Search the records for the line with "Bridgewater College athletics logo". Output that line and each line after it, exactly, and stop at the end; omit pictures.
============
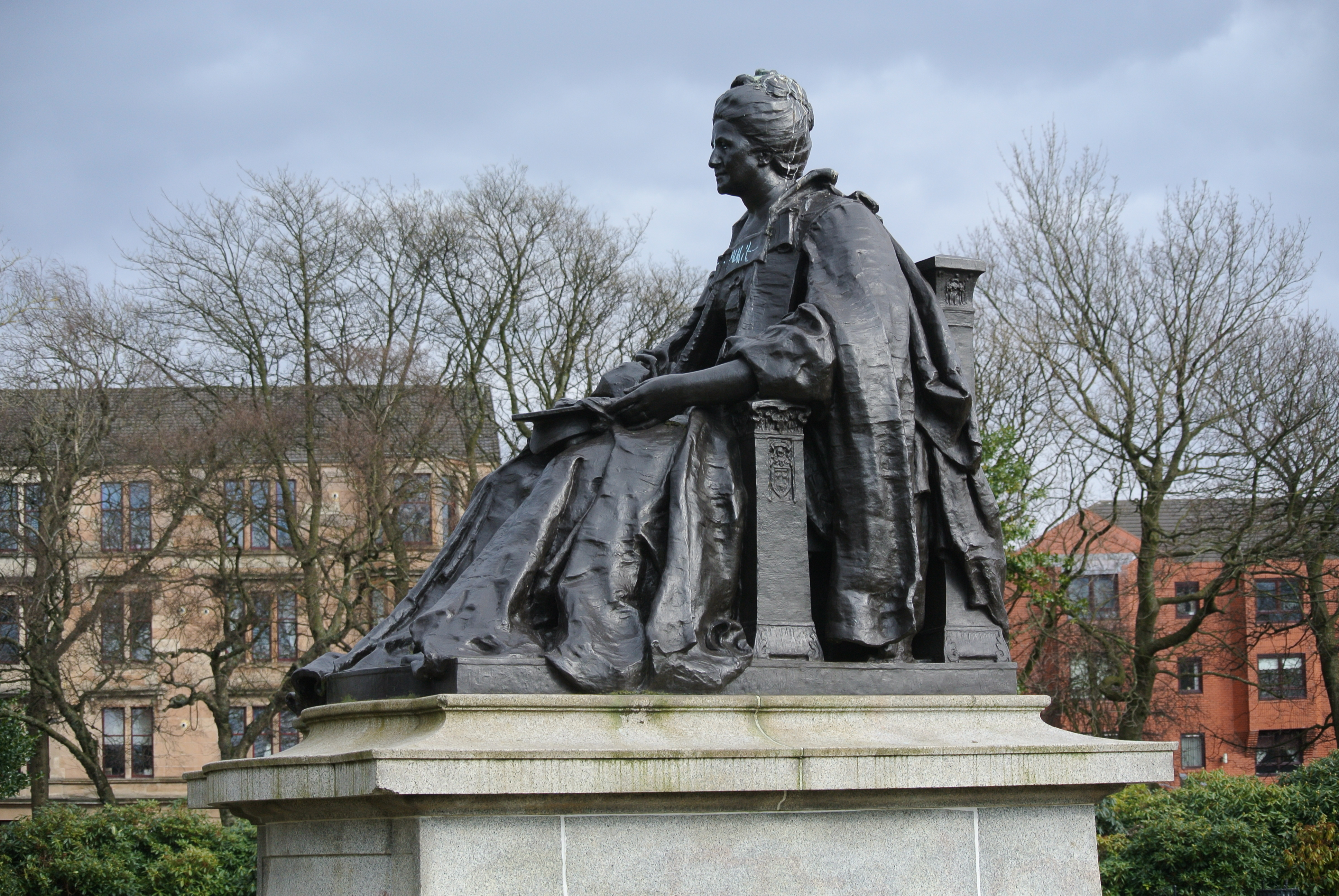 Statue of Isabella Elder, Elder Park, Govan, Glasgow
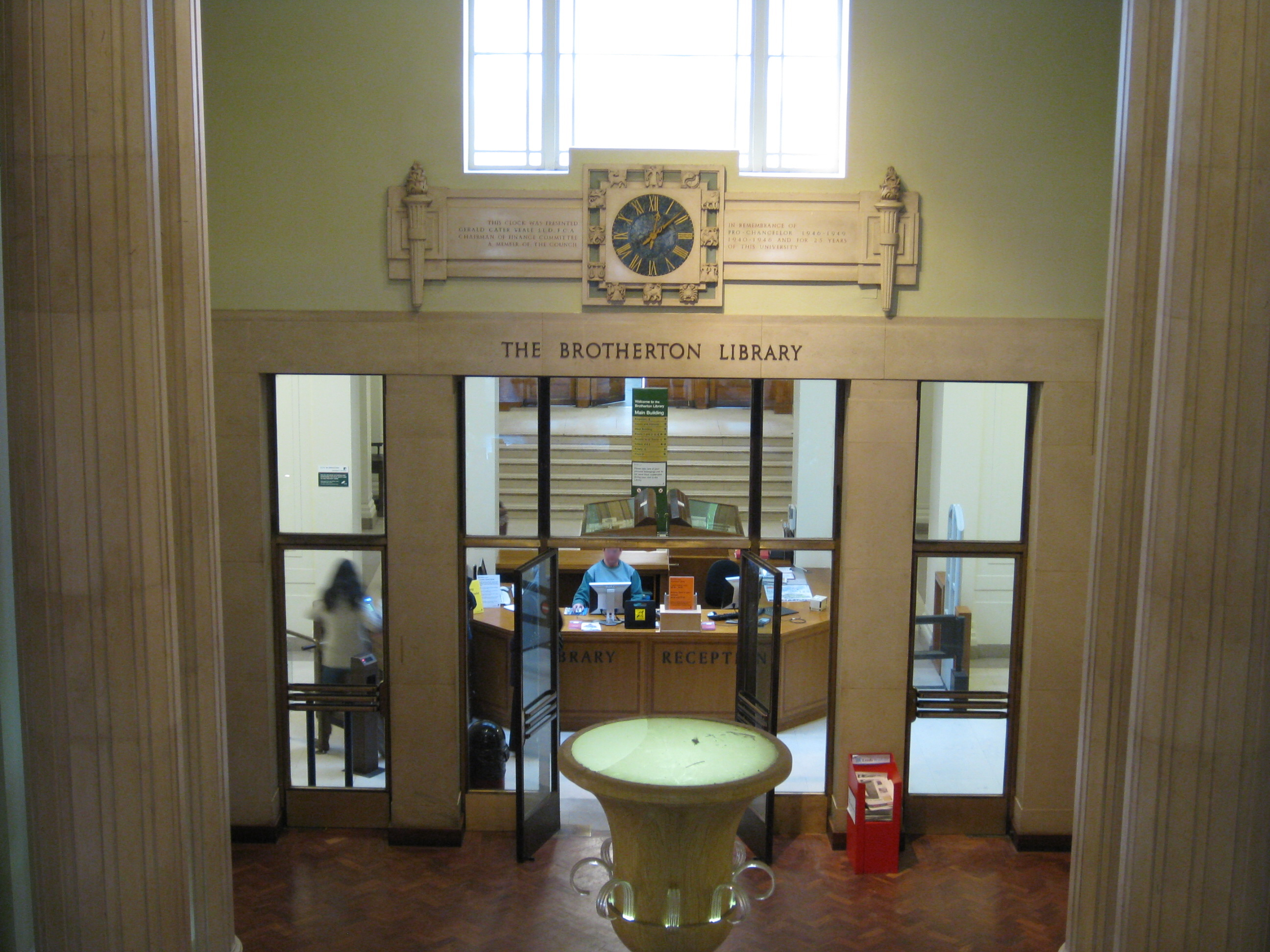 Entrance to the Brotherton Library from the interior of the Parkinson Building, University of Leeds.
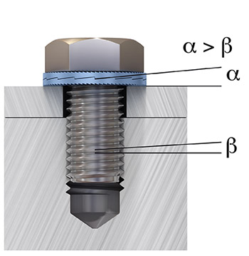 Nord-Lock wedge-locking principle
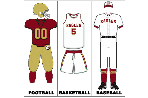 Bridgewater College athletics logo
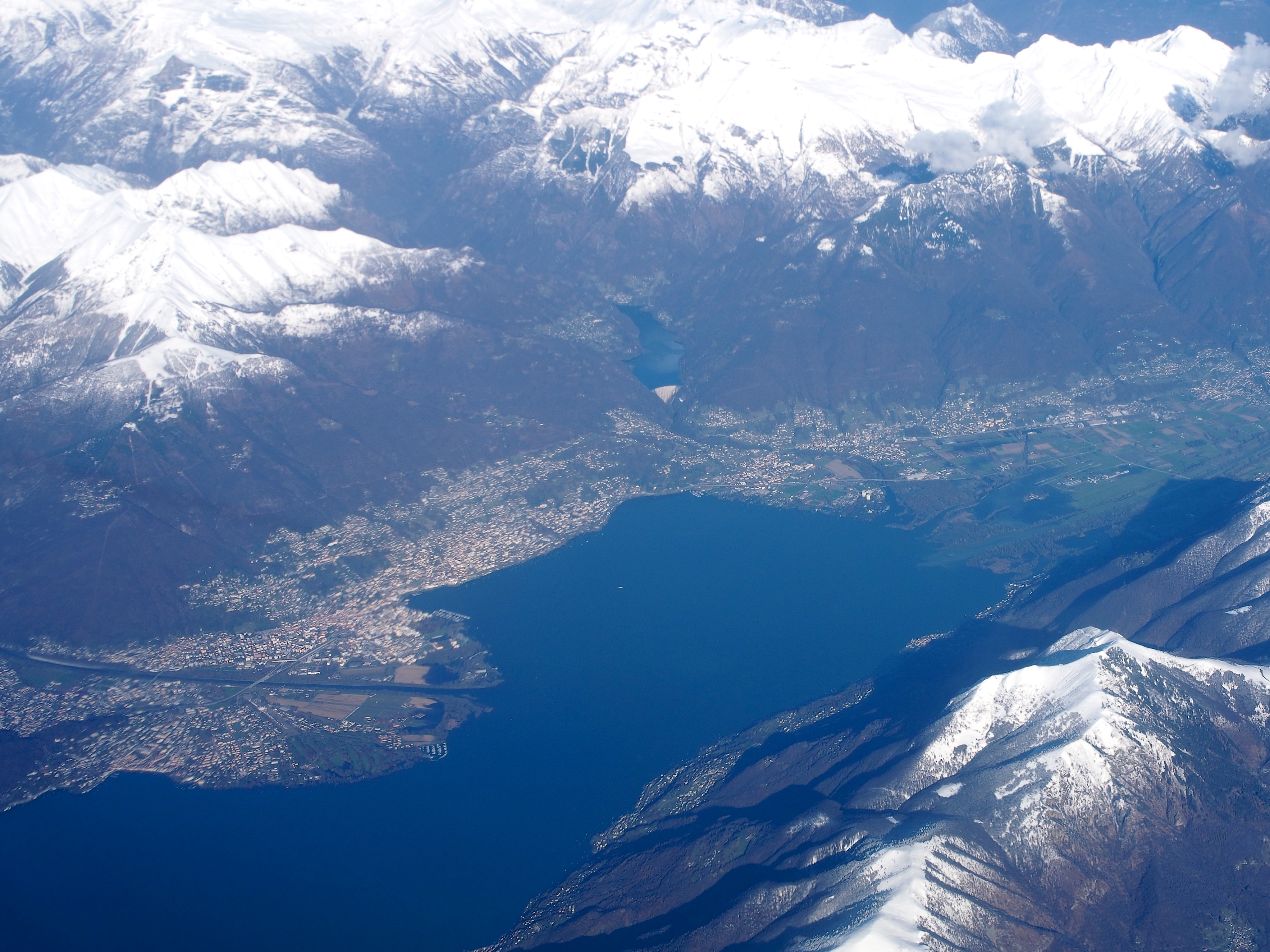 Delta of the Maggia river in Ticino, Switzerland. Lago Maggiore, a view to the north. The communality of Ascona is on the left side, south of the Maggia. The dam with lake in the center of the picture is the Verzasca dam.
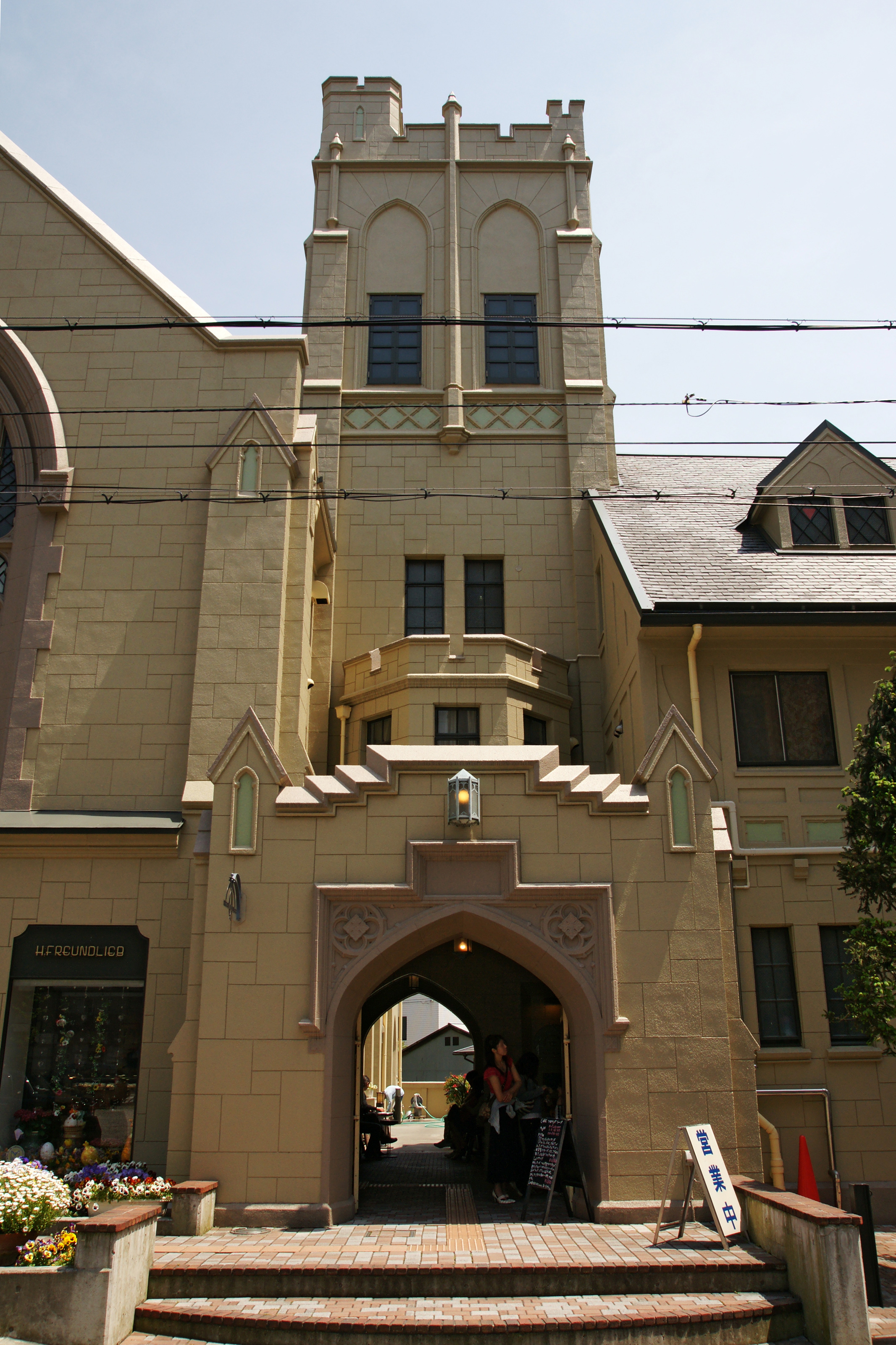 Former Kobe Union Church (Cafe FREUNDLIEB) in Kobe, Hyogo prefecture, Japan
============
» **TASK SOLUTION**
 Bridgewater College athletics logo
 Delta of the Maggia river in Ticino, Switzerland. Lago Maggiore, a view to the north. The communality of Ascona is on the left side, south of the Maggia. The dam with lake in the center of the picture is the Verzasca dam.
 Former Kobe Union Church (Cafe FREUNDLIEB) in Kobe, Hyogo prefecture, Japan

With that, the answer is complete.